Mast v. State, 50A03-0310-CR-422.

Citation809 N.E.2d 415
Decision Date01 June 2004
Docket NumberNo. 50A03-0310-CR-422.,50A03-0310-CR-422.
PartiesPaul M. MAST, Appellant-Defendant, v. STATE of Indiana, Appellee-Plaintiff.
CourtCourt of Appeals of Indiana

John S. Hosinski, South Bend, IN, Attorney for Appellant.

Steve Carter, Attorney General of Indiana, Cynthia L. Ploughe, Deputy Attorney General, Indianapolis, IN, Attorneys for Appellee.

OPINION

BAKER, Judge.

Appellant-defendant Paul M. Mast brings this interlocutory appeal challenging the trial court's denial of his motion to suppress. Specifically, Mast argues that the police conducted an improper warrantless search of a dumpster containing garbage that had been located on his property, that the State improperly solicited and utilized the assistance of a private agent to effect the search, and that the probable cause affidavit for a search warrant that was ultimately issued was "deficient in its requirement for particularization of elements as to specific individuals or specific properties." Appellant's Br. p. 2. Concluding that the trial court properly denied Mast's motion to suppress, we affirm.

FACTS

Sometime in May, 2002, Officer Les McFarland of the Marshall County Sheriff's Department had been working with a multi-city drug task force. At some point, Officer McFarland learned that the Mast brothers—who lived at the adjoining properties of 9415 and 9625 Elm Road near Bourbon in Marshall County, Indiana—were involved in illegal drug activities. Paul Mast lived at the 9625 residence while his brother, Lamar, resided at the 9415 property. Officer McFarland and Officer Bridget Strong drove to the properties and observed a commercial dumpster owned by Key Waste Services (Key Waste) situated at or near the property line that divided the two properties. The dumpster was located approximately fifteen to twenty feet from the road.

Officer McFarland revealed that he had conducted a prior investigation of the property in 1998. At that time, the property was designated 9415 Elm Road and there was only one residence and one barn located thereon. Since that time, Paul Mast's residence and a pole barn had been added. Officer McFarland then made inquiry with the local clerk's office and learned that the utilities of the two properties were separate and in each of the brother's names.

In furtherance of the investigation, Officer McFarland contacted the owner of Key Waste and was informed that the removal service account was in Lamar's name.
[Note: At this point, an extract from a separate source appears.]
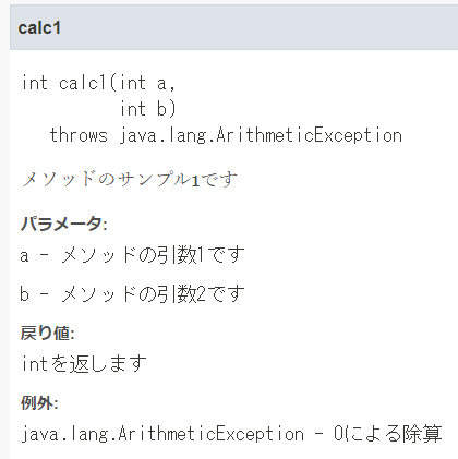 JavaのJavadocの書き方のサンプルです。(確認環境:Java, Eclipse, STS)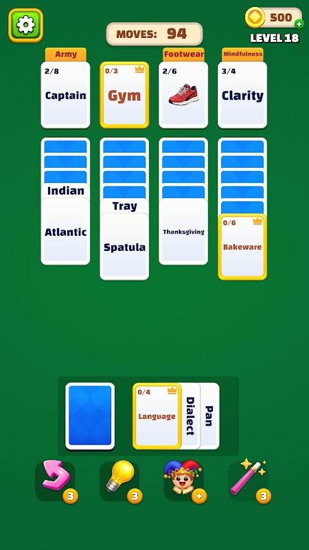 Each level begins with a full board of cards, just like traditional solitaire. First, you place a category card on the board. Then, you carefully move word cards into the category where they belong. Every move matters, so you need to think ahead and plan wisely.

He also discovered that the trash was picked up every other Wednesday and that the last regular pickup had occurred on May 8, 2002. Moreover, Officer McFarland learned that the account was delinquent and that Key Waste had planned to remove the dumpster from the property after making a final dump.

Officer McFarland then obtained permission from Key Waste to ride in the truck for the next trash removal from the Masts' dumpster. That removal was scheduled to occur on May 22, 2002. Prior to that day, Officer McFarland borrowed a Key Waste employee's uniform and met the driver of the dump truck at a nearby location. Officer McFarland then rode in the truck with the Key Waste employee where they planned to pick up the trash from the Masts' dumpster and unload it. When Officer McFarland and the employee arrived, the driver backed the truck to the dumpster, hooked the container, and dumped the contents into the holding receptacle. Officer McFarland remained in the truck during the entire process. The employee then drove the truck to a nearby church where Officer McFarland believed that another Key Waste dumpster was located. Other police officers met them in the church parking lot, whereupon they examined the garbage recovered from the Masts' dumpster and found that some of the trash bags were "sealed." Tr. p. 19-20. Upon opening the bags, the officers discovered that some of them contained marijuana stems and most all of the bags had "aluminum boats" in them, a device that is used to smoke methamphetamine. United States mail was also in the bags that had been addressed to either Paul or Lamar. The police learned that on May 28, 2002, a theft of anhydrous ammonia occurred in the southern part of Marshall County. A lead in that case indicated that the stolen chemical had been delivered to the Masts' Elm Road property. As a result, Officer McFarland obtained search warrants for both properties and executed the warrants on May 29, 2002. The return on the warrant as to Paul's residence indicated that the police seized plastic bags containing "pink rock-like substance[s], white powder, a quantity of suspected marijuana including stems and seeds and other drug paraphernalia." Appellant's App. p. 30-33. The following day, Mast was charged with Dealing in Methamphetamine,1 a class A felony, Possession of Methamphetamine,2 a class C felony, Possession of Marijuana,3 a class A misdemeanor and Maintaining a Common Nuisance,4 a class D felony.

Thereafter, Mast filed a motion to suppress on July 23, 2003, alleging that under Article 1, Section 11 of the Indiana Constitution, the intrusion onto his private property for purposes of conducting a search of the dumpster was improper and, therefore, the evidence should not be admitted at trial. Mast also challenged the validity and execution of the search warrant on his property, alleging that the facts set forth in the probable cause affidavit did not support the issuance of a warrant. Following a hearing, the trial court granted Mast's motion to suppress for the reason that the search warrant that had been issued only authorized the police to enter Lamar's residence and, therefore, the entry into Paul's property was improper. The order noted, however, that the search of the dumpster on May 22, 2002 was valid.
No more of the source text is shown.